Atualmente em cartaz a peça Meu último amor acabou antes de ontem, escrita e dirigida por Júnior Marks, jovem dramaturgo que, este ano, foi ganhador do Festival de Teatro no Ceará na categoria de melhor ator com Vitorino Rodrigues por meio de “17 minutos antes de você”, traz aos palcos as dores e os dilemas da geração que está entre o final dos vinte anos e o início dos trinta, quando os projetos que haviam sido delineados na primeira juventude tomam direções (im)previstas e acabam por levar a novos questionamentos e a experiências que colocarão em xeque certezas estabelecidas.
Com uma montagem que segue os padrões de uma leitura de texto, apresentando cenário que se resume a quatro cadeiras e alguns objetos de cena e figurinos compostos por roupas comuns, de uso cotidiano, a peça segue a linha dos últimos textos escritos e encenados pela novíssima geração de autores/diretores: produções de baixo custo, que têm no arranjo dramatúrgico desafiador e no desempenho dos atores seu foco principal. Era assim que deveria ser! Acontece que o espetáculo não foi dirigido. A Impressão que tenho é que os atores foram jogados no palco e passaram a tagarelar o texto. Marks cria um confessionário que sempre pende o espetáculo para um lado do palco. Os atores não conseguem nem mesmo ser ouvidos!
A Melhor apresentação deste trabalho (que possui um bom propósito) foi dentro do Projeto “TEATRO POPULAR R$1,99”. Ali o Elenco estava afinado e todos os adolescentes (público alvo da peça) conseguiram se apaixonar pela “gostosa” protagonista que hoje foi trocada e não passa de um estereótipo das passarelas (MAGRA E SEM GRAÇA). Gostaria que avisassem ao diretor deste espetáculo que ele não é DIRETOR. É Ator, SÓ ISSO! No caso de Meu último amor acabou antes de ontem, as ideias se organizam como o resultado de POUQUÍSSIMO trabalho proposto por um grupo de atores diante de um texto que querem montar, no qual alguns personagens da mesma faixa etária dos intérpretes se veem diante de dilemas amorosos e profissionais típicos da geração que está se iniciando no processo de maturidade. Isto significa que a peça vai tangenciar temas como a insatisfação profissional, a dificuldade de se ter um projeto comum numa vida a dois, a união homoafetiva e o sexo casual.
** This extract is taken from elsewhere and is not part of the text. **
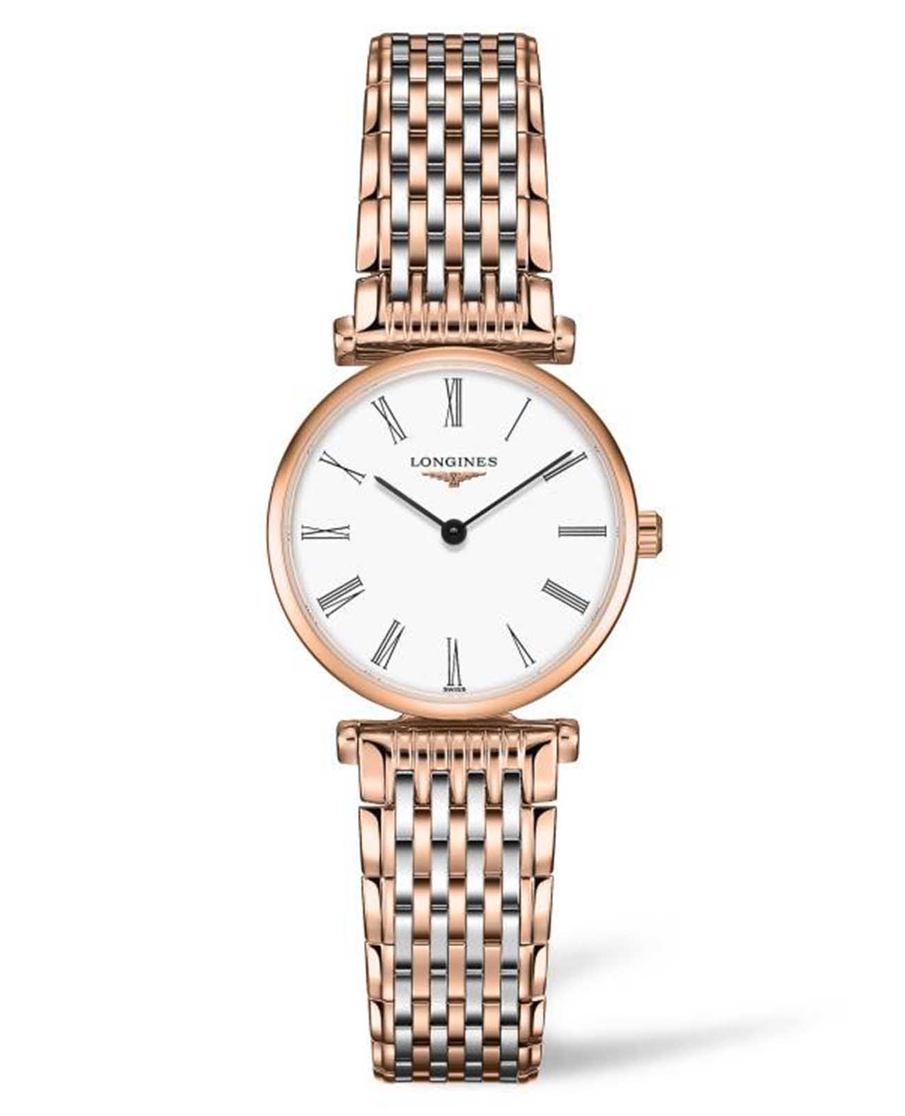 Женские швейцарские часы Longines La Grande Classique L4.209.1.91.7, кварцевый механизм с высокой точностью. Сапфировое стеклоСапфировое стеклоПрочный и надёжный материал из кристалла сапфира синтетического происхождения, характеризующийся особой твёрдостью и устойчивостью к царапинам и повреждениям. устойчивое к появлению царапин, обладающее высокой прозрачностью. Корпус часов изготовлен из стали с PVD-покрытиемPVDУльтратонкое покрытие наносится в технике вакуумного напыления, сочетает в себе нитрид титана особой прочности со слоем золота или оксида хрома. Несёт в себе декоративную или защитную функцию.. Циферблат украшают нарисованные римские цифры. Класс водозащиты: 30 метров, позволит защитить корпус от случайных брызг или капель дождя. Стальной браслет с частичным PVD-покрытиемPVDУльтратонкое покрытие наносится в технике вакуумного напыления, сочетает в себе нитрид титана особой прочности со слоем золота или оксида хрома. Несёт в себе декоративную или защитную функцию. на застёжке-бабочке с кнопкамиЗастёжка "бабочка"Такой вид застёжки дополняется предохранителями, помогающими избежать случайного раскрытия браслета. Обладают изящным исполнением. .

Digo tangenciar porque o objetivo do texto não é explorar em profundidade essas temáticas ou propor análises mais sólidas de comportamento; ao contrário, seu alvo é a própria afirmação da instabilidade e da impossibilidade de se pensar em termos mais firmes e fixos a aventura humana abordada. E se recusa a “ser profundo”!
Eu adoro teatro. Então, apesar dos pesares, ainda tenho a esperança de que vá acontecer algo. No momento, as çoisas realmente andam muito ruins, sem estímulo. Os próprios patrocínios nem sempre são suficientemente criteriosos, muitas vezes se dá dinheiro para çoisas que não valem nada, e outras coisas que estão esperando desesperadamente para serem bem-feitas, não o conseguem. Acho que precisaria haver mais preocupação com a qualidade. Já vi muitas loucuras, algumas por "originalidade", outras só por incompetência. Sempre digo que, hoje, época em que o preço do ingresso do teatro não está lá essas coisas, um mau espetáculo cria um voto de castidade por dois anos. Prejudica todo mundo. A pessoa não perdoa! Meu último amor acabou antes de ontem já deveria ter ACABADO há mais tempo.
P.S.:Elenco atual: Adriana Campelo, Flávia Souza, Jerônimo Maciel, Junior Marks e Eristóteles Pegado. É uma pena eu não saber QUEM ERAM os atores do elenco anterior! Alguns permanecem! Para a TRAGÉDIA da peça, outros saíram!